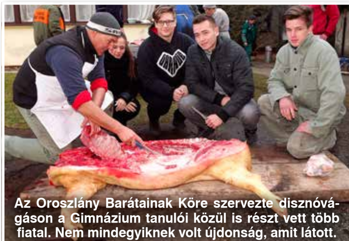
Az Oroszlány Barátainak Köre szervezte disznóvágáson a Gimnázium tanulói közül is részt vett több fiatal. Nem mindegyiknek volt újdonság, amit látott.
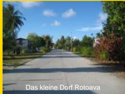
Das kleine Dorf Rotoava

Nachmittags Transfer zum Flughafen und Flug mit der Air Tahiti nach Papeete
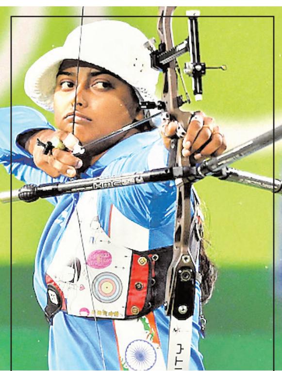
जर्मन प्रतिद्वंद्वी के खिलाफ 6-4 (2-0, 1-1, 2-0, 0-2, 1-1) से जीत हासिल की थी

━━━━━━━━━━

_WORK TO BE COMPLETED_
Repeat, exactly and only, the lines from the one containing "Nachmittags Transfer zum" through the final line of the data, both ends included, leaving out any picture.

_REPLY TO THE TASK_
Nachmittags Transfer zum Flughafen und Flug mit der Air Tahiti nach Papeete
जर्मन प्रतिद्वंद्वी के खिलाफ 6-4 (2-0, 1-1, 2-0, 0-2, 1-1) से जीत हासिल की थी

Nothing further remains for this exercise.